Those of you who might be normal, sorry. Somehow the 20-page MIS paper I’ve got hanging over my head has put me in the mood to write an entry that’s technical and nerdy. If you’re reading – thanks a lot, Dr. Yen. Is technical and nerdy better than nothing? Probably not. But here it is. Maybe I’ll write something interesting… next month?
When I order something or register with a website, I normally do not want to hear from them ever again. Did you send me what I bought? Can I login when I want to read something? Ok then, thanks, have a nice life. When they do email me, as even the more trustworthy companies insist on doing once every 4 hours or so, it makes me mad. Usually the first thing I will say at the sight of another “$10 off your next $3000 order” message is the name of the offending company, followed or preceded by a gentle expletive of some sort. In this sense, I am no different than your general garden variety nerd.

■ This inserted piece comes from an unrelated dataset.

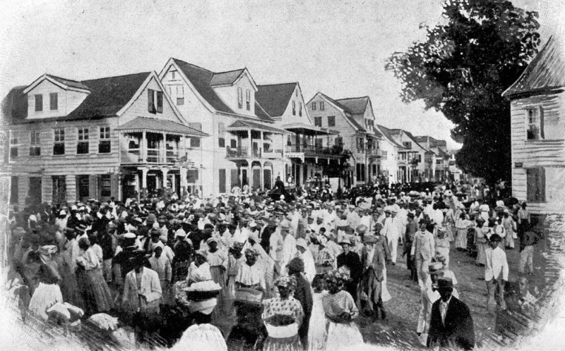 Eindelijk wordt de gewone pas weer aangenomen, en met zwaaiende armen gaat men den kortsten weg langs, naar de begraafplaats. Niets bijzonders doet zich onderweg voor, of men moet het eerbiedig ontblooten van het hoofd door ieder, die wij passeeren of die ons tegenkomt, onder de bijzonderheden willen rekenen. We zijn bij de begraafplaats! Van den ingang af, wordt de baar aan de hand gedragen tot op de plaats, waar de graver bij de groeve staat. Daar wordt de baar neergezet – de kist afgenomen en door middel van twee dikke touwen neergelaten. Bij de opgedolven aarde staan eenige spaden en naar orde van bloedverwantschap worden een weinig aarde op de kist gegooid. Nogmaals komen de a’s e’s en i’s aan de beurt, maar het open veld is geen geschikt terrein voor muzikale uitvoeringen, en de zangers hiervan bewust – schijnt het – houden spoedig op, en maken nu gebruik van den inhoud der kruiken. Mijne nêné is mij intusschen genaderd, en verzoekt mij ‘iets’ te spreken bij het graf van hare moeder. Ik kan mij tot heden niet verklaren hoe het goede mensch daaraan kwam, of ’t moet zijn, dat ze eens eene teraardebestelling van een aanzienlijke had bijgewoond, en nu hare moeder wou deelachtig maken aan wat zij den ‘bakra’ had zien nageven in zijn graf!
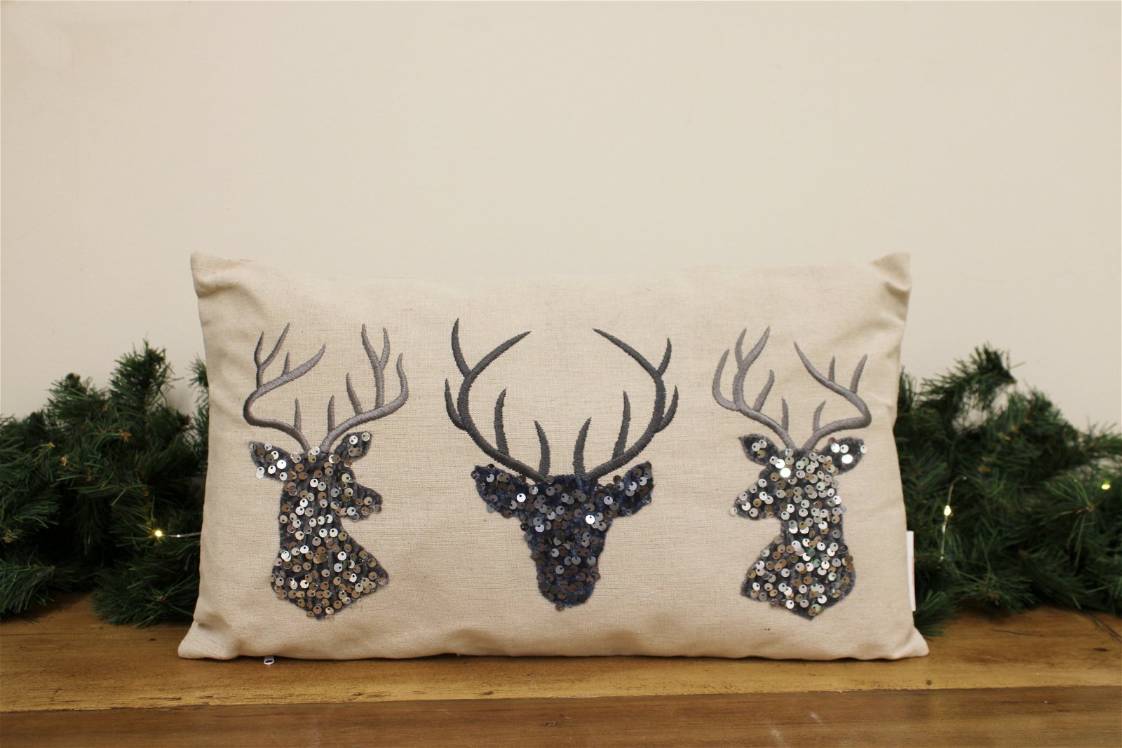 Sequin embellished rectangle reindeer scatter cushion. In a grey and silver colourway. Features a full length zip, cushion insert included. Perfect gift idea. Measurements: D12 x H27 x W47cm

Not lately. Lately, I’ve been trying to teach my computer the meaning of “spam.” As such, I’d love to get some emails about political commentary or upcoming sales or general developments at websites I enjoy. I spent half an hour yesterday subscribing to the mailing list for each of my favorite bands and news sources. Why? Because that would be something to train my computer to like, versus the billions of true garbage messages I get about transexuals and poodles and transexual poodles.
Is anyone here familiar with Bayesian logic? Yeah, that’s what I figured. Apparently it’s fairly effective as an email categorizing technology. You set up a handy program to classify your email on its way to your inbox, and then you create a filter in whatever (Eudora, Outlook, et al) you use for reading mail. The classification program keeps track of every message it processes, and a browser-based interface lets you categorize new messages so it knows which ones are good and which are bad. Meanwhile, the filter in your email client shoves the ‘bad’ messages into a junk box or straight to the trash. Doesn’t that sound nice?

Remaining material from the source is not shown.